What makes for a good tenant? In addition to paying the rent on time every month, here are a couple of more things to consider.
- A good tenant doesn’t bring unregistered cars onto the property, or leave garbage lying around the grounds.
- A good tenant does not attract police attention or create a nuisance to other tenants in the complex.
- A good tenant is responsible and considerate of others.
If you’re lucky, you might find a tenant who has some of these better qualities and pays the rent religiously every month. If you do, here are 7 suggestions how you can make that good tenant want to stay in your rental property for as long as possible.
- Let the tenant know that you care about the safety and well-being of your investment property. This will indicate to the tenant that he or she is more than a rent check and that you actually are concerned about the tenant’s home.
- Change the locks on the tenant’s door when he or she moves in. It will put the tenant’s mind at ease about who has keys to his or her unit. Also, later on willingly change the locks for the tenant if he or she reasonably requests it as long as you are not legally locking out someone who has signed your agreement to rent the unit.
- Inform your tenant about where the electrical panels and water shutoff valves are or how to work the dishwasher or garbage disposal. Provide the tenant with phone numbers for police, fire, and ambulance services as well as utility companies and repair personnel.

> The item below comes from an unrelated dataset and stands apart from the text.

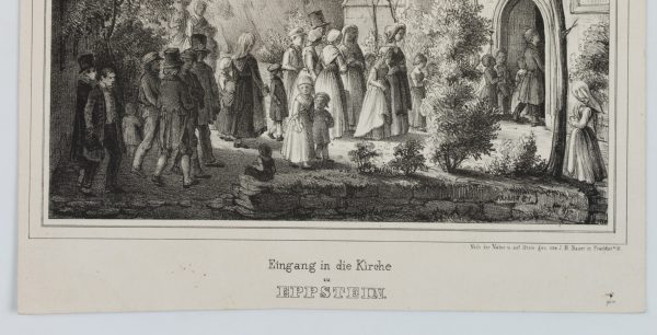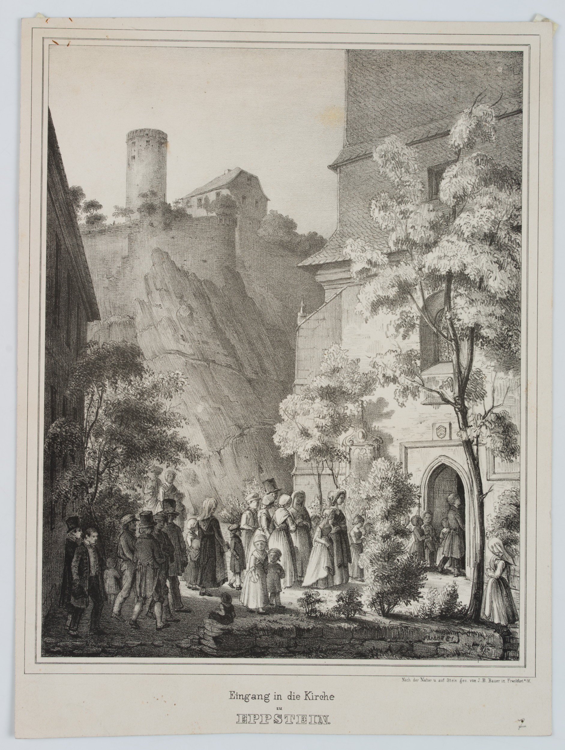 - Inscription: Lower right signed in the printing plate: „Nach der Natur u. auf Stein gez. von J. B. Bauer in Frankfurt a/M.“. Lower middle inscribed in the printing plate: „Eingang in die Kirche zu Eppstein“.

- Learn your tenants’ names as well as a few personal things about them for a more personal touch to your conversations with the tenant.
- Make your tenants aware of rental housing assistance programs available and be willing to assist your tenants who qualify to obtain them.
- Be willing to repaint or improve the quality of the unit after the tenant has lived there for a year or two. Often, a tenant will want to move simply because the place doesn’t look quite as good as it did when he or she moved in.
- Listen to your tenants’ concerns about the property, and when reasonable, make arrangements to service your tenants’ needs.
Good tenants are worth their weight in gold to real estate investors—and maybe as rare. So it just makes good sense for real estate investors to make every effort possible to try and hang on to them.